И на эшафот взбирается одетый во всё красное и с огромным топором в руках… кто бы вы думали?.. Гасту Одноглазый, старый приятель Энрика! В толпе зашумели. И не стыдно этому кривому! Это уж он слишком! Только Жано ничего не сказал. И Энрик тоже. Можно было подумать, что он и не узнал своего прежнего друга. Занёс Гасту топор, чтобы руку Энрику отрубить, и вдруг кузнец как закричит:
— Топор!

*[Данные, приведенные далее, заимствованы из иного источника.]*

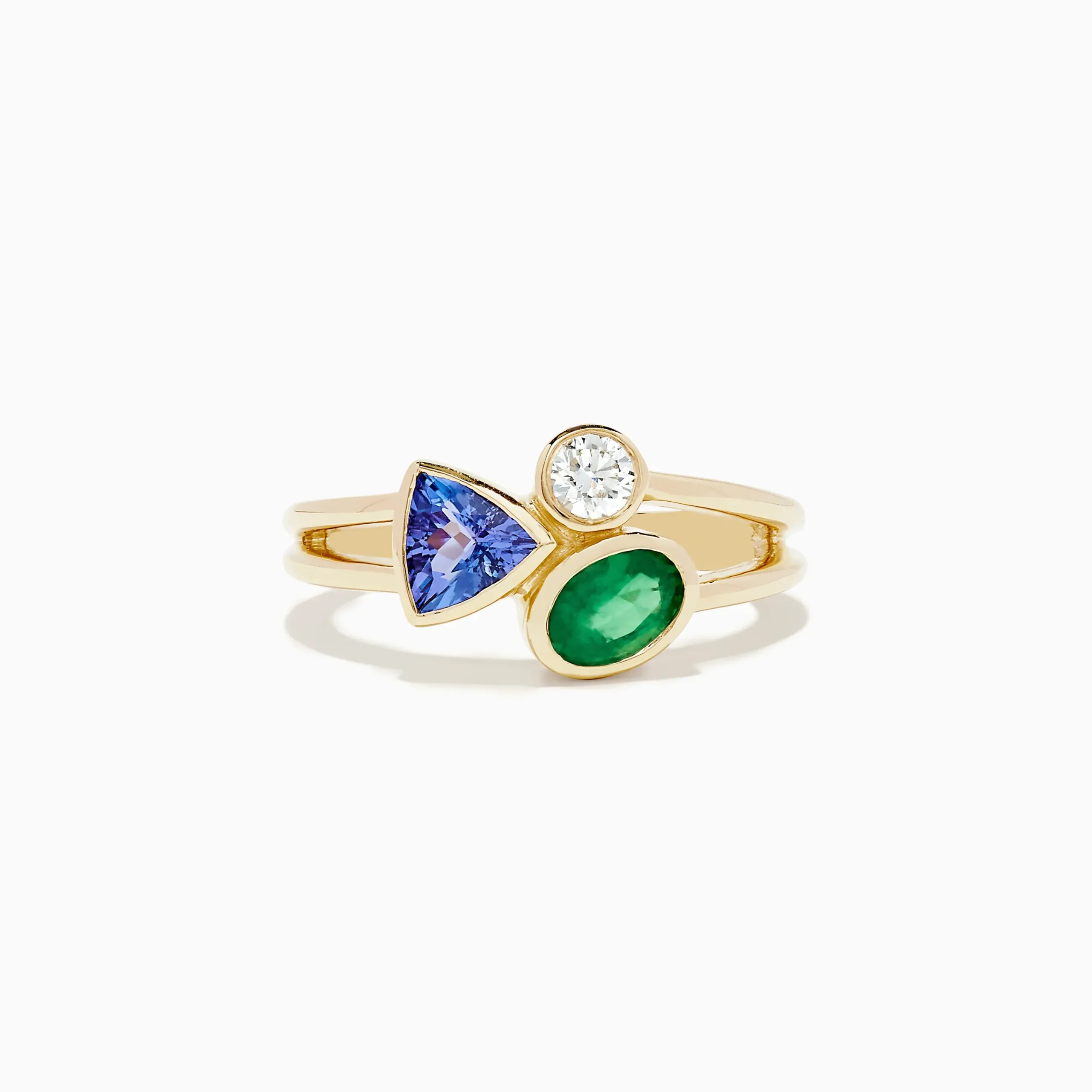 Effy 14K Yellow Gold Tri Stone Diamond, Emerald and Tanzanite Ring

Кто тебя ковал?
И все услыхали, как тоненький голосок, не поймёшь откуда, ответил:
— Ты, кузнец!
— Так как же, — кричит Энрик, — как же ты смеешь рубить руку, которая тебя сделала?

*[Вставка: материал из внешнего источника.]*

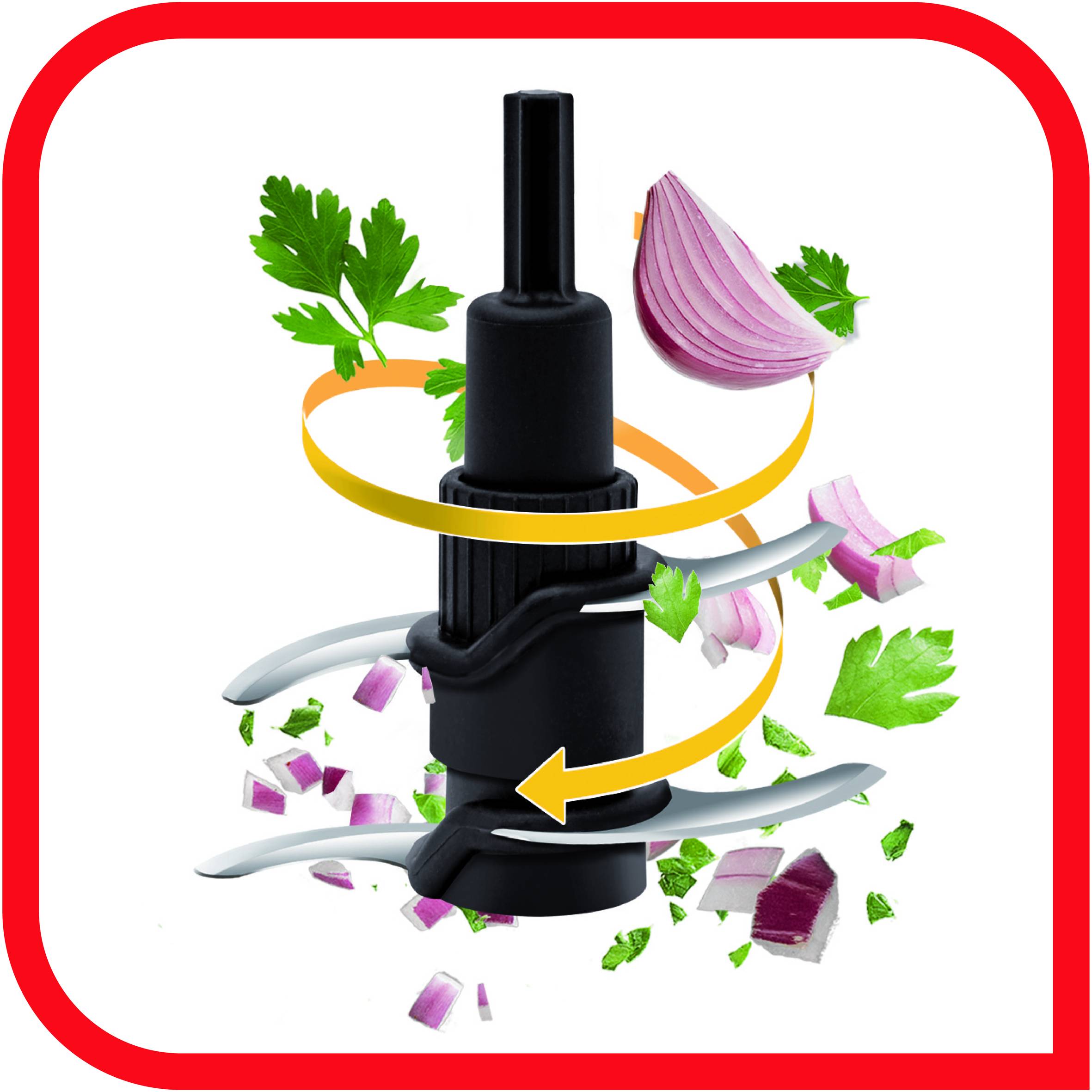 De Masterchop hakmolen bevat een kom met een bruikbare inhoud van 500 ml, waarin je een grote verscheidenheid aan ingrediënten kunt hakken. Denk maar eens aan noten, uien, kruiden, chocolade, fijngemalen vlees... de mogelijkheden zijn eindeloos! Dankzij zijn grote kom met maataanduiding kun je perfect je vaste ingrediënten afmeten. Ook is het mixen van vloeistoffen voor de Masterchop dankzij de lekdichte kom een koud kunstje. De Masterchop is eenvoudig te bedienen: druk op de bovenzijde van het product en het begint direct te hakken. Geen extra knoppen of instellingen. De kom, het transparante deksel en de messen zijn daarnaast vaatwasmachinebestendig en daardoor erg eenvoudig schoon te maken.

— Не бойся, кузнец, — ответил топор и так и остался висеть в воздухе.
Все видели, что Гасту изо всех сил старается, да не может опустить топор.
А кузнец опять закричал:
— А вы, цепи, вас кто сделал?
— Ты, кузнец! — пропищал тоненький голосочек.
— Так чего же вы ждёте, почему не отпускаете меня?
— Иди, кузнец.
Раскрылись кандалы, и упали цепи.
И снова крикнул Энрик:
— Неужто здесь в толпе нет ни одной шпаги, сделанной моими руками? Что ж она не идёт мне на помощь?
— Я здесь, кузнец! — отвечает тонкий голосок, и из толпы летит шпага — и прямо к ногам кузнеца.
Схватил Энрик шпагу — и прыг с эшафота!
Толпа перед ним так и расступилась. Может, это ему дьявол помог, а может, и шпага. И скрылся Энрик, только его и видели.
Все перепугались, и судья тоже. Один Жано и глазом не моргнул. И ещё этот новоиспечённый палач. Даже чудно — стоит себе как ни в чём не бывало. Но все так переполошились, что ничего и не заметили. А Гасту спокойно сошёл себе с эшафота, подмигнул Жано и затерялся в толпе. И Жано пропал куда-то. Скрылись они, и никто их никогда больше не видел — ни Одноглазого, ни подмастерья.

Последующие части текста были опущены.